By John Irish
PARIS (Reuters) -The United States’ closest European and Arab partners met in Paris on Thursday to work out how to shape Gaza’s post-war future, hours after Israel and Hamas agreed to a ceasefire and prisoner-hostage swap proposed by U.S. President Donald Trump.
“This is the best chance we have right now,” EU foreign policy chief Kaja Kallas told reporters. “But we need to work for the plan after (the war), so that it would be sustainable, and that’s why we are also here.”
Israel and the Palestinian militant group Hamas signed an agreement on Thursday to cease fire and free Israeli hostages in exchange for Palestinian prisoners, but questions will quickly turn to whether that can now be made into a lasting peace.
The Paris meeting aims to look at how Gaza would be governed, how Trump’s Gaza plan would be implemented and assess other countries’ collective commitments to the process.
Opening the meeting, French President Emmanuel Macron said the aim was to work side by side with the United States’ plan and that the discussions in Paris were complementary to it.
The U.N. Assembly last month endorsed a declaration outlining steps towards a two-state solution, while also condemning Hamas and urging it to surrender and disarm. Israeli Prime Minister Benjamin Netanyahu has ruled out endorsing an independent Palestinian state alongside Israel.
Among those attending are Qatar’s Prime Minister Sheikh Mohammed bin Abdulrahman al-Thani, who was one of the mediators of the ceasefire, as well as the Egyptian and Turkish foreign ministers, whose countries played a leading role in convincing Hamas to agree the deal.

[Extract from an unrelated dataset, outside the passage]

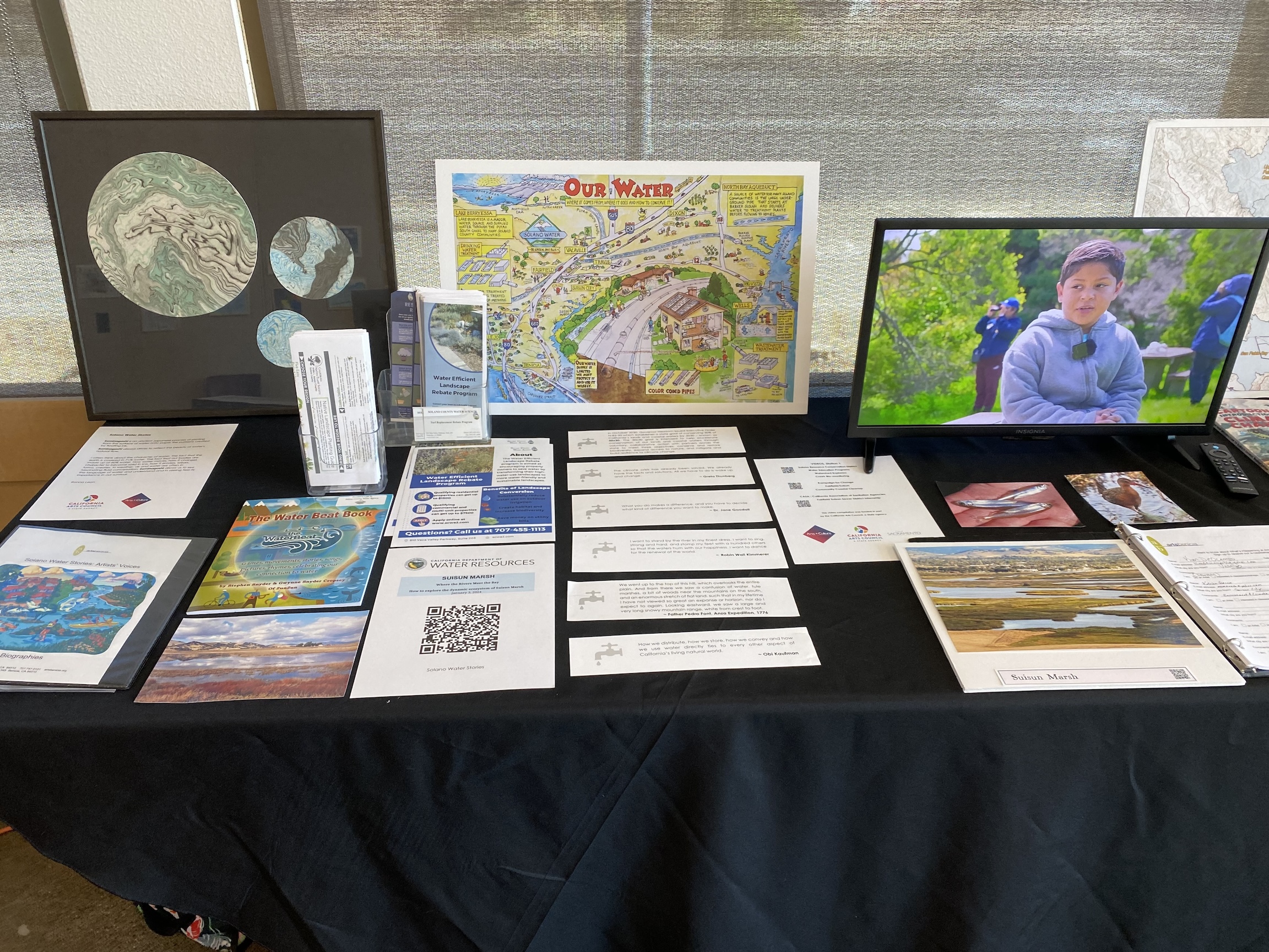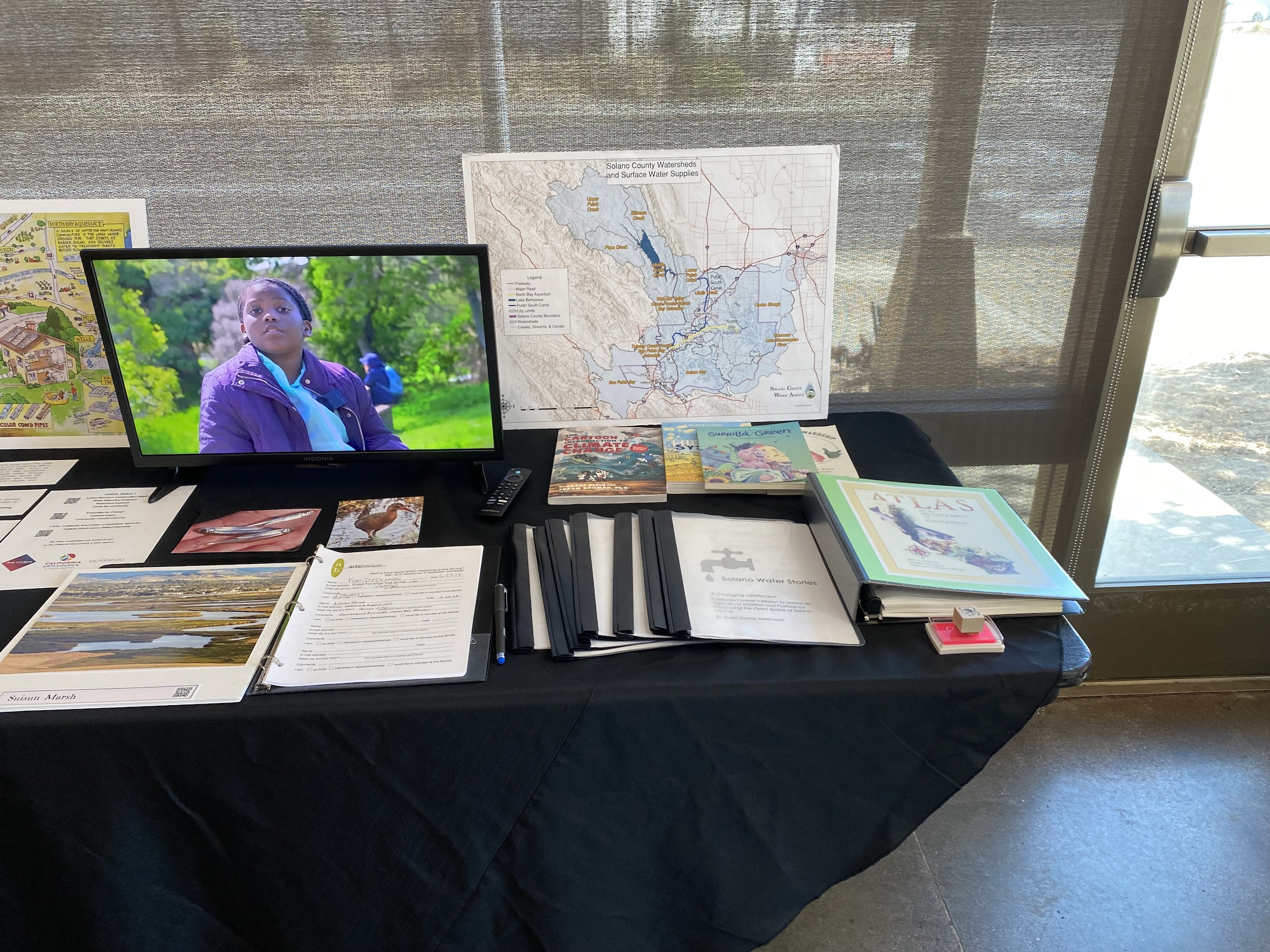 Solano Water Stories Kickoff Exhibition presented the history of water, water conservation, and climate change mitigation practices in Solano County. Designed for all ages, it included information about indigenous history, Solano County history, and current urban, rural and agricultural land and water use as well as ongoing conservation practices. It featured a pop-up library and reading room, original artworks, personal water stories, a poetry corner, watershed maps, water distribution maps, videos focused on site specific water education, sustainable gardening, permaculture, and photographs of protected species and their habitats in Solano County. Additional information was gathered from our partner organizations: Sustainable Solano, Solano Resource Conservation District, Solano Land Trust, and the Solano County Water Agency.

U.S. Secretary of State Marco Rubio had been due to attend, but cancelled. The U.S. in the end did not send a representative, although French officials insisted that coordination with Washington was close.
Trump’s plan calls for an international stabilisation force, and the ministers will also discuss issues such as the future governance of Gaza, aid, reconstruction and demilitarisation.
Highlighting worsening ties between France and Israel, Israel’s Foreign Minister Gideon Saar criticised the Paris conference late on Wednesday, calling it “unnecessary and harmful”, saying the French initiative had been “concocted behind Israel’s back” and was a way for Macron to distract from his domestic political problems.